Reqd. cost of milk = Vol. of the container × Rs. 20.
The container is in the shape of the frustum of a cone whose, height (h) = 16 cm, radius of lower end (r1) = 8 cm, radius of upper end (r2) = 20 cm.

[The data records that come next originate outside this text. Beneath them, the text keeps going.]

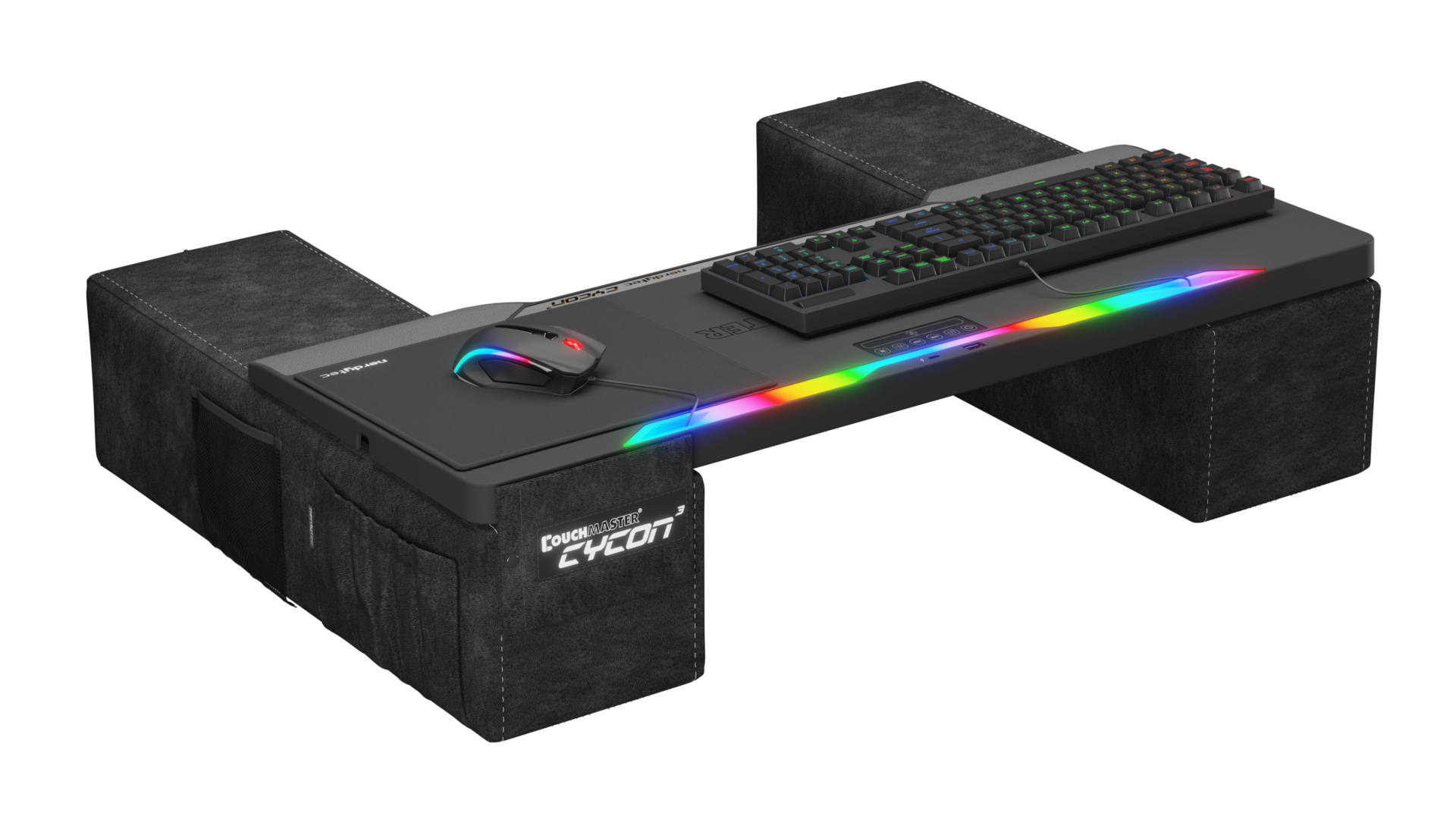 The CYCON³, part of the CYCON line of couch desks for mouse and keyboads, is the equipped with a colorful LED light bar with a touch control panel and optimized fast-charging ports up to 30W, combined with nerdytec’s patented ergonomic design — and more side pockets to store peripherals.
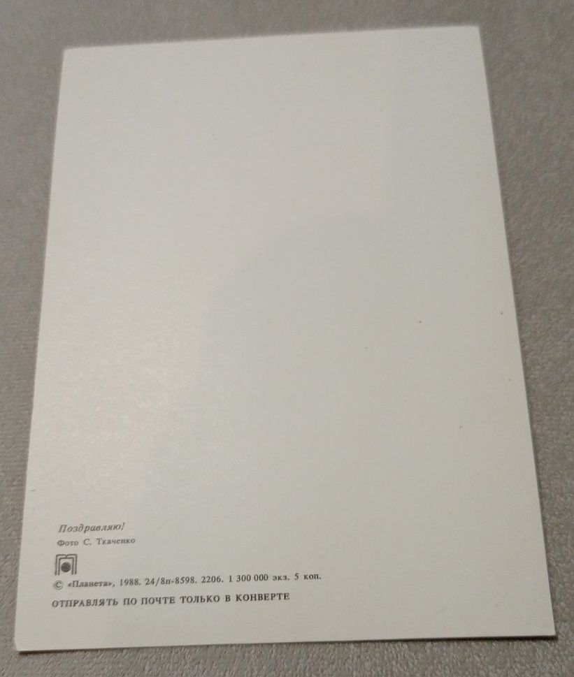 Ткаченко С., Поздравляем! 1989, чистая. Передача в Витебске при личной встрече возле ратуши. Пересылка в другой город за счёт покупателя по тарифам Белпочты либо Европочты после 100% предоплаты.
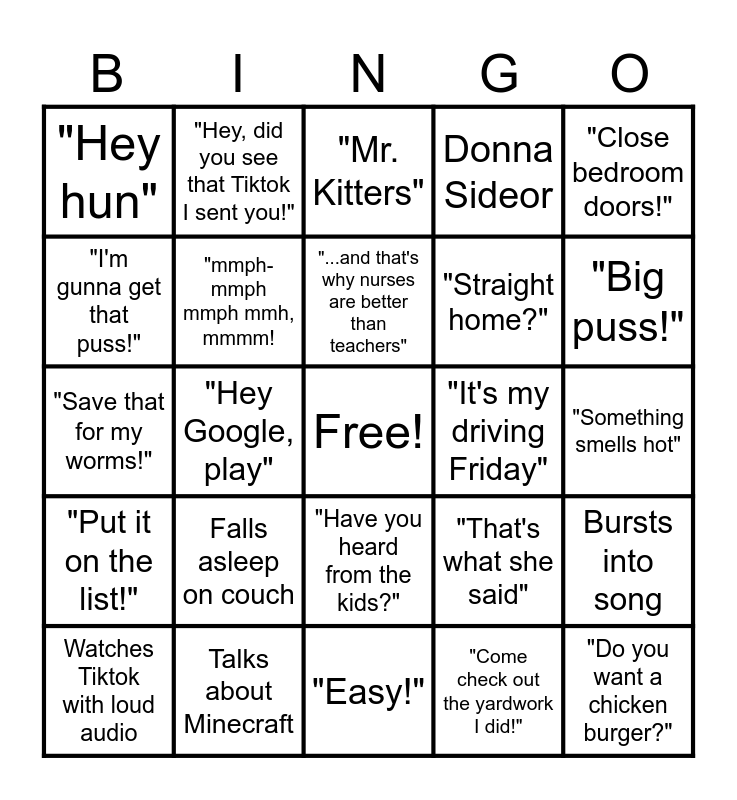 This bingo card has a free space and 24 words: Falls asleep on couch, Talks about Minecraft, "...and that's why nurses are better than teachers", Watches Tiktok with loud audio, "Close bedroom doors!", "Hey hun", "I'm gunna get that puss!", "Hey, did you see that Tiktok I sent you!", "It's my driving Friday", "Have you heard from the kids?", "Straight home?", "Save that for my worms!", "That's what she said", Bursts into song, "mmph-mmph mmph mmh, mmmm!, "Come check out the yardwork I did!", "Something smells hot", "Mr. Kitters", "Big puss!", "Hey Google, play", "Do you want a chicken burger?", "Put it on the list!", Donna Sideor and "Easy!".
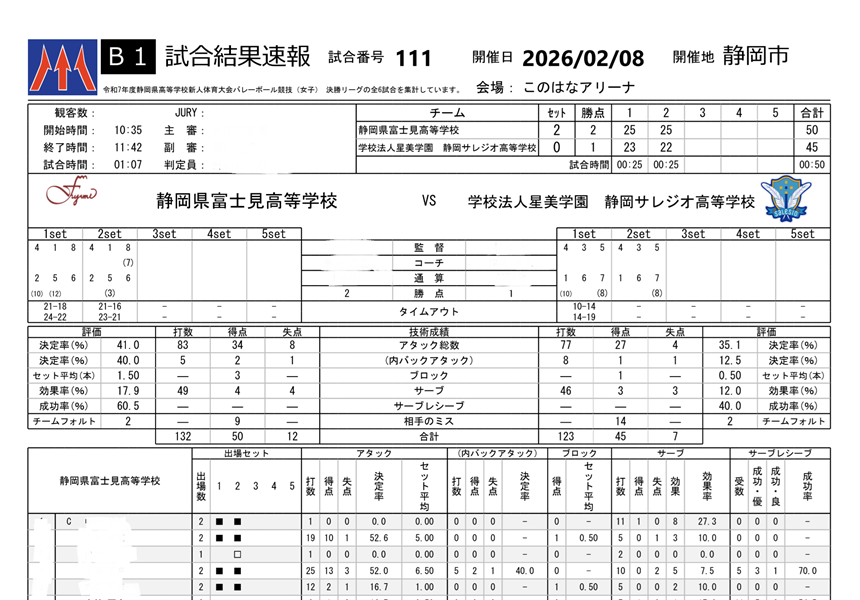 大会の2日目(2/1)・3日目(2/8)は、ベスト4チームが行うリーグ戦の技術統計を行いました。日本バレーボール協会が公認する判定員規定を大会前に学び、JVIMSというソフトを使いながら大会の当日にコートサイドで集計をしました。(4枚目の画像が集計した内容の一部です)サーブレシーブの成功率といった、いつもとは違う視点で試合を注意深く見ることで、自分たちの意識を変えていく経験ができました。
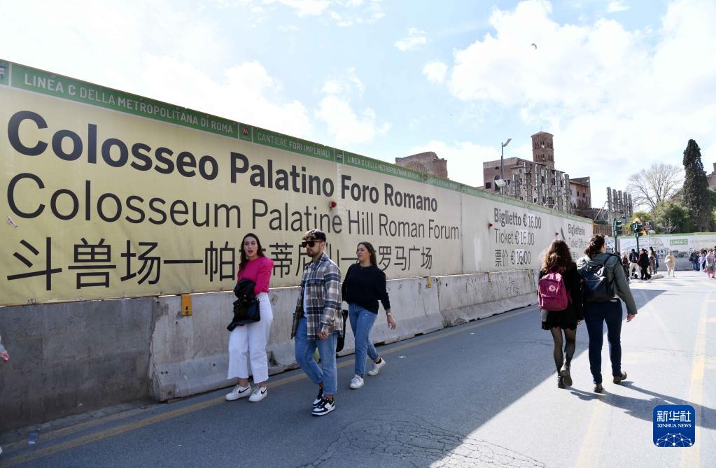 3月26日,游客走過(guò)意大利羅馬斗獸場(chǎng)的中文指示牌。

∴ Volume of the container = \(\frac{\pi}{3}\times h\times (r_1^2+r_2^2+r_1r_2)\) [Using formula for frustum of a cone]
= \(\frac{3.14}{3} \times 16\times[(8)^2+(20)^2+160]\)
= \(\frac{3.14}{3} \times 16\times[64+400+160]\)
= \(\frac{3.14\times 16\times 624}{3}\) cm3 = \(\frac{3.14\times 16\times 624}{3\times 1000}\) L = 10.45 L (approx)
∴ Cost of milk =Rs. (10.45 × 20) = Rs. 209 (approx)
Area of the metal sheet used to make the container
= Lateral surface area of the container + Area of the base = π l (r1 + r2) +π r12
where, l = \(\sqrt{h^2+(r_2-r_1)}\) = \(\sqrt{16^2+(20-8)^2}\) = \(\sqrt{256+144} =\sqrt{400}\) =20cm
∴ Required area = 3.14 × 20 × 28 + 3.14 × 64 = 1758.4 + 200.96 = 1959.36 cm2
∴ Cost of metal sheet = Rs. \(\big(\frac{8\times 1959.36}{100}\big)\) = Rs. 156.75 (approx).